Liver cancer is one of the most commonly seen cancers with high mortality rate in the modern world. Computed tomography (CT) is often used for tumor diagnosis and treatment. Manual liver lesion segmentation on CT is time-consuming, difficult to reproduce, and easily influenced by personal subjective experience. Therefore, fully automatic method for liver lesion segmentation needs to be developed. However, automatic liver lesion segmentation is a very challenging task due to the following reasons. First, CT images often have low contrast for soft tissues and the imaging noise makes it difficult to segment the lesions. Second, the position and the shape of the lesion vary significantly. Last but not the least, the lesion boundaries are unclear and the sizes of most lesions are relatively small.

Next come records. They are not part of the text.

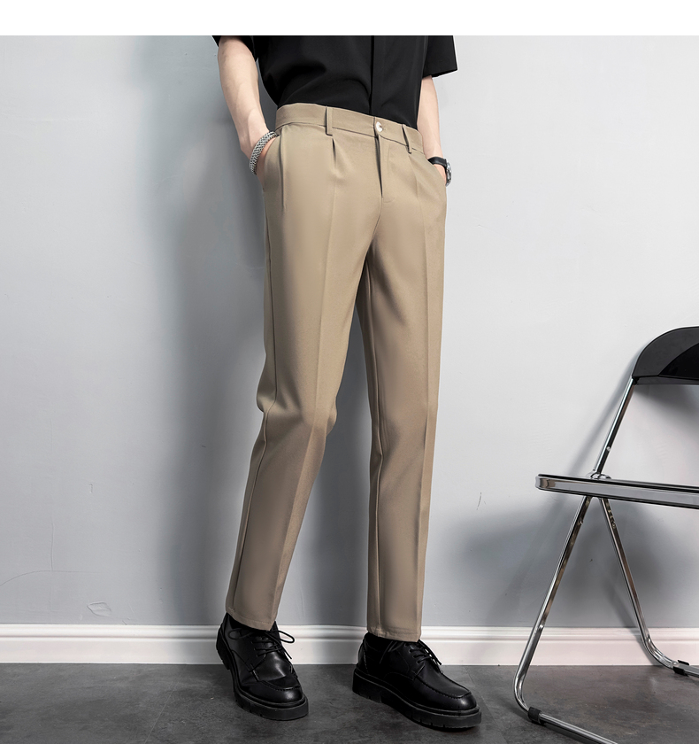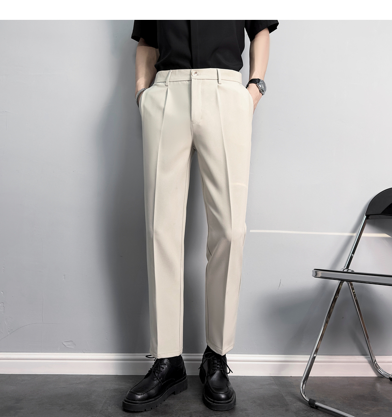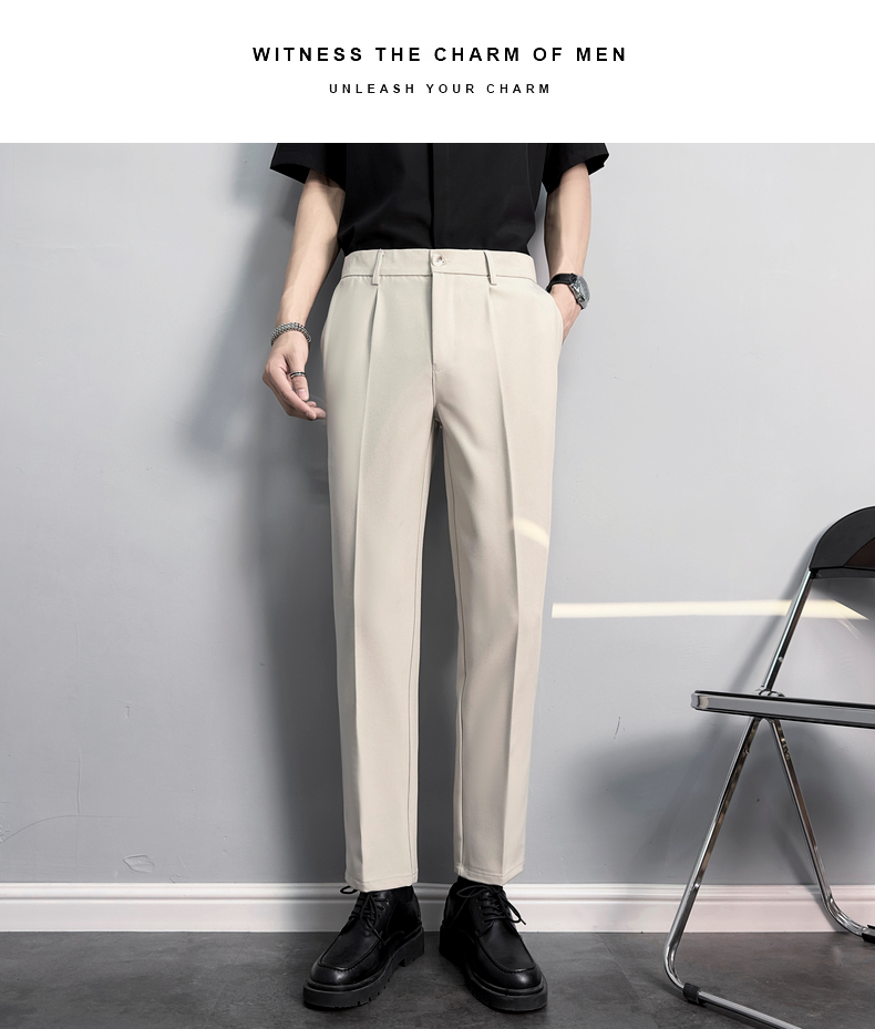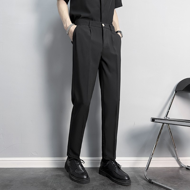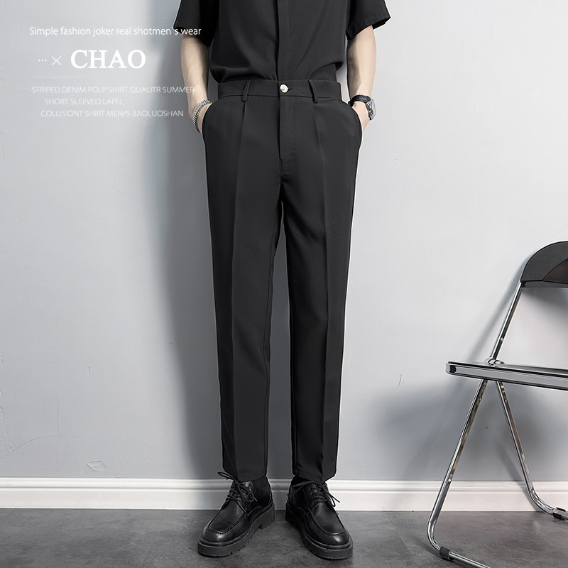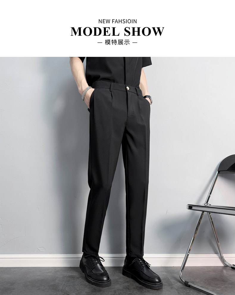 | 产品名称 : | 西装长裤男修身直筒抗皱免熨烫商务休闲裤高级垂感黑色九分小西裤 |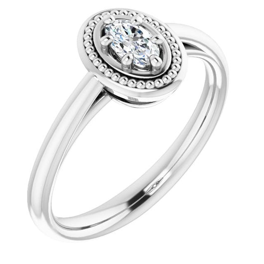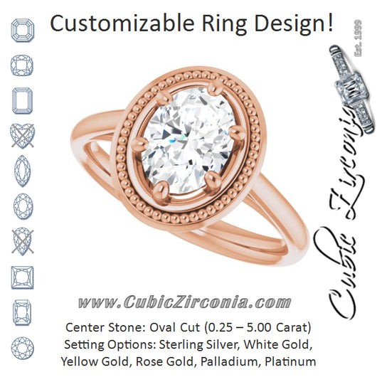 Cubic Zirconia Engagement Ring- The Eve (Customizable Oval Cut Solitaire with Metallic Drops Halo Lookalike)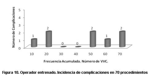 - El diseño del trabajo, en el cual utilizamos el límite de 70 procedimientos para definir a un operador como experto. Dicho límite puede ser muy elevado, ya que una observación posterior de nuestros datos nos indica que para el operador que realizó la mayoría de los procedimientos en el grupo no experto, la mayoría de las complicaciones ocurrieron en los primeros 30 procedimientos, en tanto que para el operador que realizó la mayoría de los procedimientos en el grupo experto, la incidencia de complicaciones fue constante a lo largo de todo el trabajo. Ello concuerda con bibliografía que determina que un operador es experto al llegar a 50 procedimientos. Si fuera así, muestro grupo de “no expertos” sería en realidad un grupo medianamente entrenado, existiendo menores diferencias que las esperadas entre ambos grupos (figuras 9 y 10).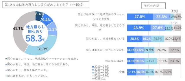 その結果、58.3%が「地方暮らしに関心がある」と回答。なかでも20代~30代に関心の高さが見られ、「すでに二地域居住やワーケーションを始めている」と答えた人のうち81.1%、「今後、地方暮らしをする予定」と答えた人のうち71.5%は20代~30代が占めた。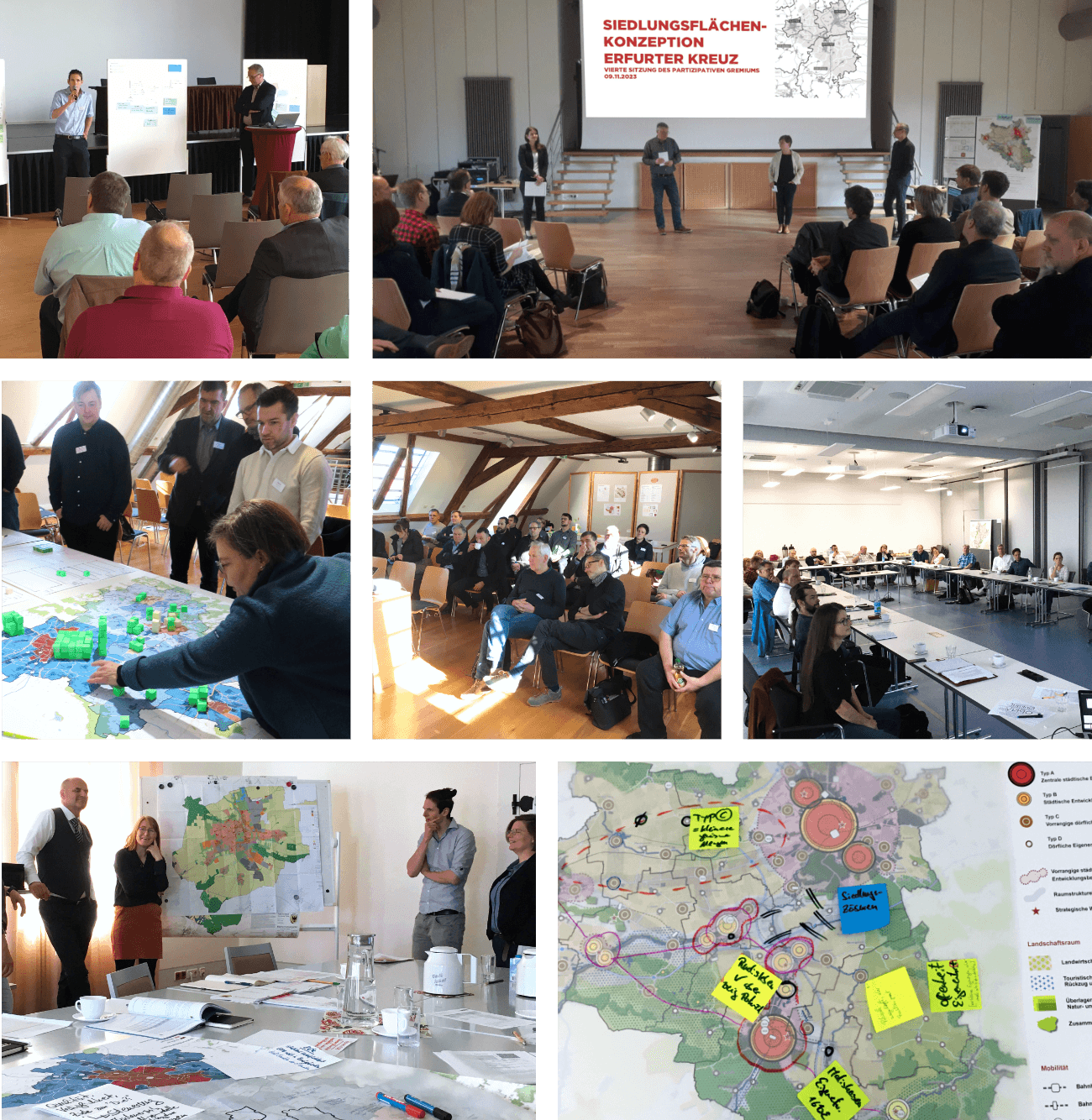 Sie bilden das sogenannte Partizipative Gremium und treffen zweimal im Jahr für gemeinsame Arbeitsrunden im Rahmen des Siedlungsflächendialogs Erfurter Kreuz zusammen.

To solve the problems mentioned above, a number of methods based on deep learning have been proposed for the liver lesion segmentation task in the past several years. Generally, these learning methods can be divided into three categories: 1) 2D models, such as Cascaded-FCN , FCN based on VGG-16 
; 2) 2.5D models, such as U-Net using residual connections and method exploiting inter-slice similarity ; 3) 3D models, such as Densely connected volumetric ConvNets , H-DenseUNet , 3D FCN . Even though the previous methods have obtained much improved performance, there still exist a lot of potentials. For example, previous 2D networks cannot fully utilize the depth information of the CT image and thus its segmentation accuracy is low. On the other hand, 2.5D and 3D networks are computationally expensive and have very high requirement for hardware configurations. Given the same computing resources, the large amount of parameters and heavy computation limit the depth and complexity of the 3D networks.

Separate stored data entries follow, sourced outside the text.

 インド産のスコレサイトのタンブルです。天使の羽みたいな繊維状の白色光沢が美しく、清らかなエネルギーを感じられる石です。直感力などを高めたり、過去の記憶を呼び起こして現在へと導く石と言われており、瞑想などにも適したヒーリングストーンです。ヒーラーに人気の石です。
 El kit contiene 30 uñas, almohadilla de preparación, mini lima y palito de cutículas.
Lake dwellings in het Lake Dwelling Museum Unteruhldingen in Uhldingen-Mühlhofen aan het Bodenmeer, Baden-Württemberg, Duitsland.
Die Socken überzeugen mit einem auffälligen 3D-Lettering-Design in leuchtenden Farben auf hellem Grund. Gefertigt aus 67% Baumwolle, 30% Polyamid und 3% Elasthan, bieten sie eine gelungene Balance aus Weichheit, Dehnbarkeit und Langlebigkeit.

With the aforementioned considerations, we propose a Feature-fusion Encoder-Decoder Network (FED-Net) based 2D model for image segmentation. First, we design a novel feature fusion method based on the attention mechanism, which can effectively embed more semantic information into low-level features and improve the current feature fusion mode based on the U-Net architecture network. Then, to compensate for the information loss during the upsampling process, we propose a dense upsampling convolution instead of using the traditional upsampling operations and also add residual convolutional blocks to refine the rough boundary of the target.

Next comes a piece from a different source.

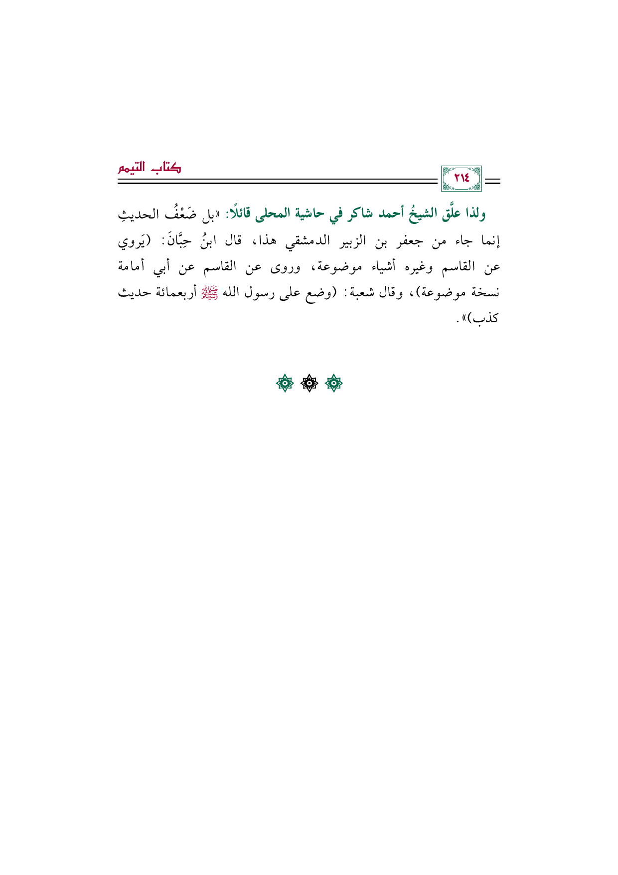 ولذا علَّق الشيخُ أحمد شاكر في حاشية المحلى قائلًا: "بل ضَعْفُ الحديثِ إنما جاء من جعفر بن الزبير الدمشقي هذا، قال ابنُ حِبَّانَ: (يَروي عن القاسم وغيره أشياء موضوعة، وروى عن القاسم عن أبي أمامة نسخة موضوعة)، وقال شعبة: (وضع على رسول الله صلى الله عليه وسلم أربعمائة حديث كذب) ".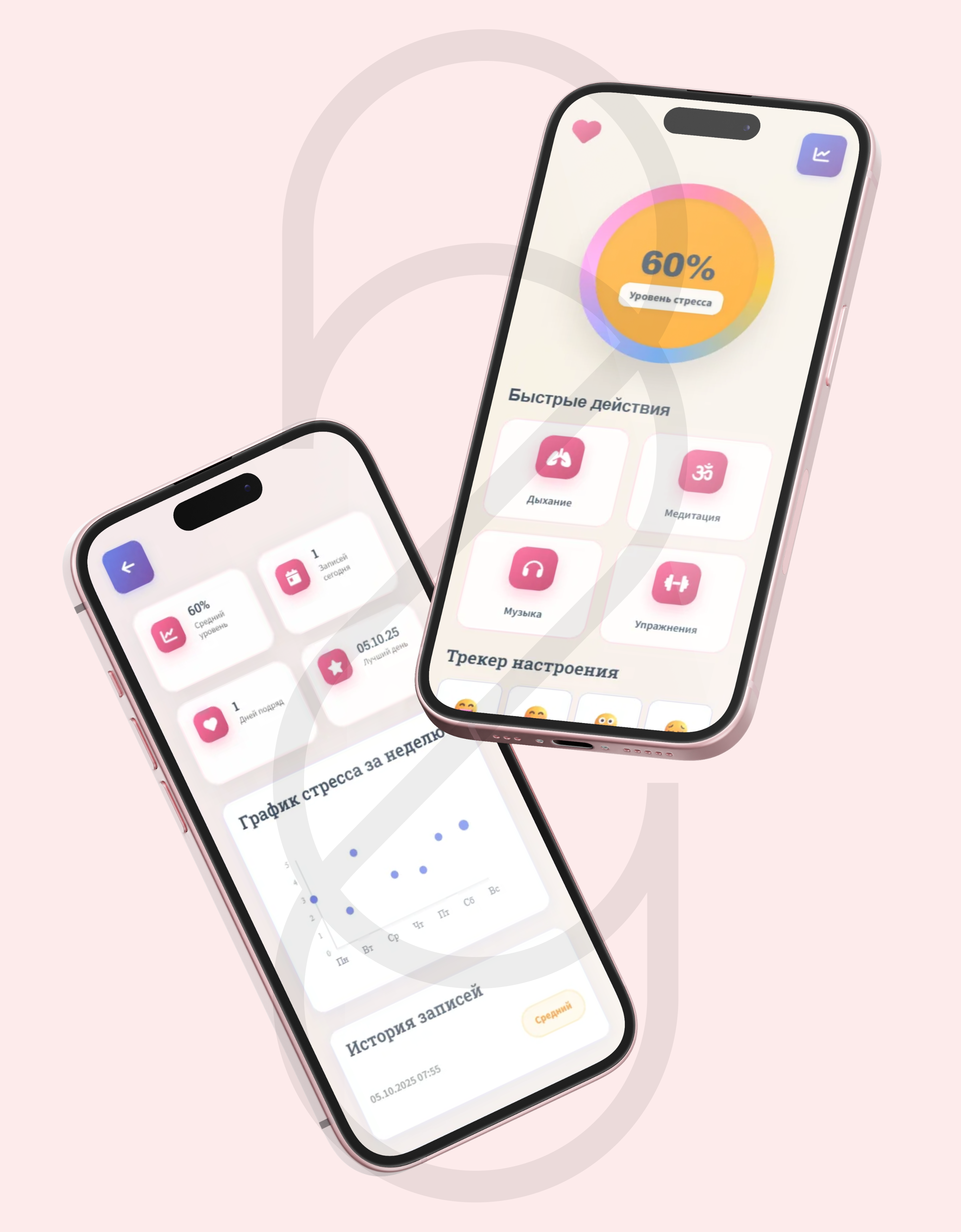 Простой и интуитивный интерфейс с красивым дизайном, адаптированный для мобильных устройств. Помогает выявлять закономерности в эмоциональном состоянии и формировать здоровые привычки. Цель — помочь пользователям лучше понимать свои эмоции и эффективно справляться со стрессом в повседневной жизни.

Among the many aforementioned problems of convolutional neural network (CNN) based image segmentation methods, one major issue with semantic segmentation is due to the pooling layers. Pooling layer not only expands the receptive field but also aggregates the context while discarding the location information. However, semantic segmentation requires exact alignment of class maps and thus, needs the location information to be preserved. To solve such problem, many encoder-decoder architectures have been proposed. In the encoder-decoder framework, the encoder gradually reduces the spatial dimension of the feature maps and the decoder gradually recovers the object details and spatial dimensions. Skip connections are usually used between the encoder and decoder, which help the decoder to better retain the details of the target, especially for situations with small sample sizes. The widely adopted U-Net architecture is a typical encoder-decoder structure. There are quite a few models that fuse features in this fashion, for example RefineNet  and ExFuse . However, typical U-Net based networks directly fuse high-resolution features from encoder path to the upsampled decoder output through either addition, multiplication, or concatenation, which may not be able to efficiently use features from different levels. Our work suggests that all levels of features should contribute more directly to semantic segmentation and the importance of features should be weighed differently.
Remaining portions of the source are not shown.